In 2018, the new RED, known as RED II, strengthened the sustainability criteria for bioenergy and set a new goal for 2030, increasing the target for the share of renewable energy used in transport to 14% by 2030. The European Plenary voted in September 2022 to raise the overall renewable energy target to 45% and subsequently to increase the GHG intensity transport target to 16% by using larger shares of advanced biofuels and a more ambitious quota for renewable fuels of non-biological origin. The text is currently subject to upcoming negotiations between the Council and the European Parliament.

The extent of progress varies among Member States. According to data from Eurostat, only 12 EU countries appear to have achieved the 2020 target of 10% (Sweden, Finland, Netherlands, Luxembourg, Estonia, Hungary, Belgium, Slovenia, Italy, Malta, Austria and Ireland). Preliminary estimates for 2021 show that Italy and Ireland dropped below the 2020 target of 10% in 2021. This is because of growth in the gross final consumption of energy from all fuels in transport as economic activity rebounded after the COVID-19 pandemic. Meanwhile Denmark, Portugal and Spain reached the 10% target in 2021.

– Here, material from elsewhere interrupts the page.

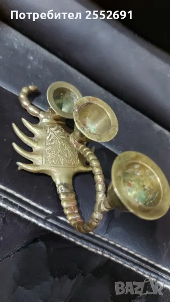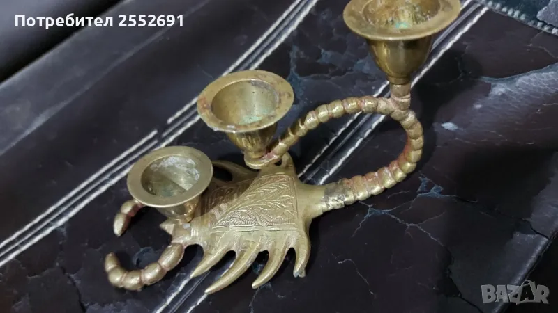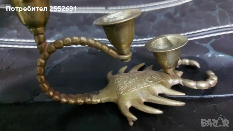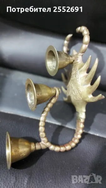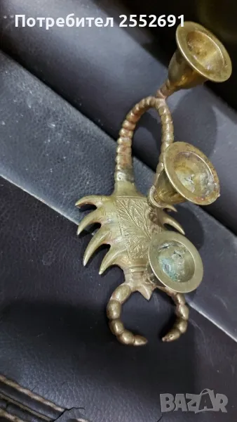 Бронзов/месингов/ свещник тройка във формата на СКОРПИОН. Височина-8,5см. Дължина- 13см. Ширина- 7см.
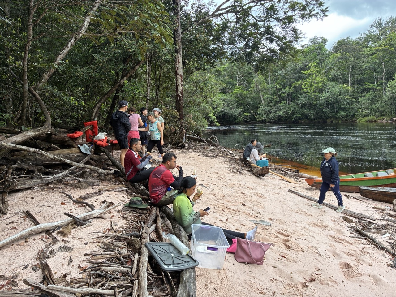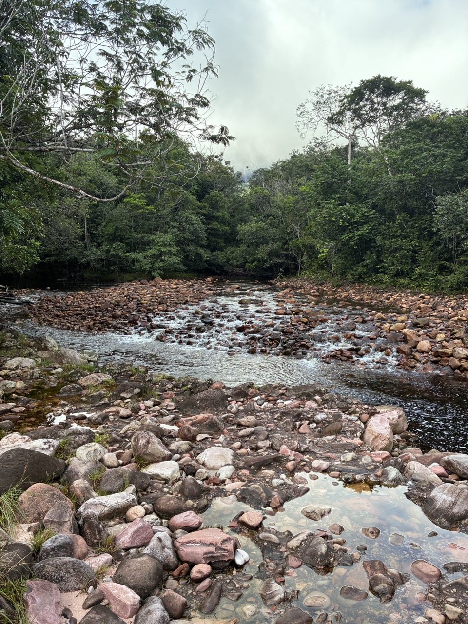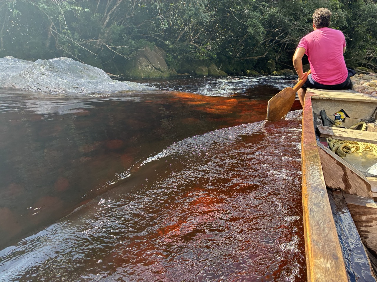 After a couple of hours we made a right hand turn into the Rio Churun. It was a much smaller river and seemed to flow a bit faster. And it was shallower. And had interesting collections of big round white pebbles as well as the odd sandy beach.

Sweden, which has the highest share of energy from renewable sources in transport, has ambitious targets for the transport sector and uses energy and carbon taxes to achieve these targets: a carbon tax on fuels has been in place since 1991 and exemptions and reductions apply for sustainable biofuels.

In Norway, the use of renewable electricity in road transport has increased substantially as a result of policies that encourage electric mobility combined with the country’s essentially renewable electricity supply. However, renewable electricity only constituted just over 3% of total energy used in transport in Norway in 2020.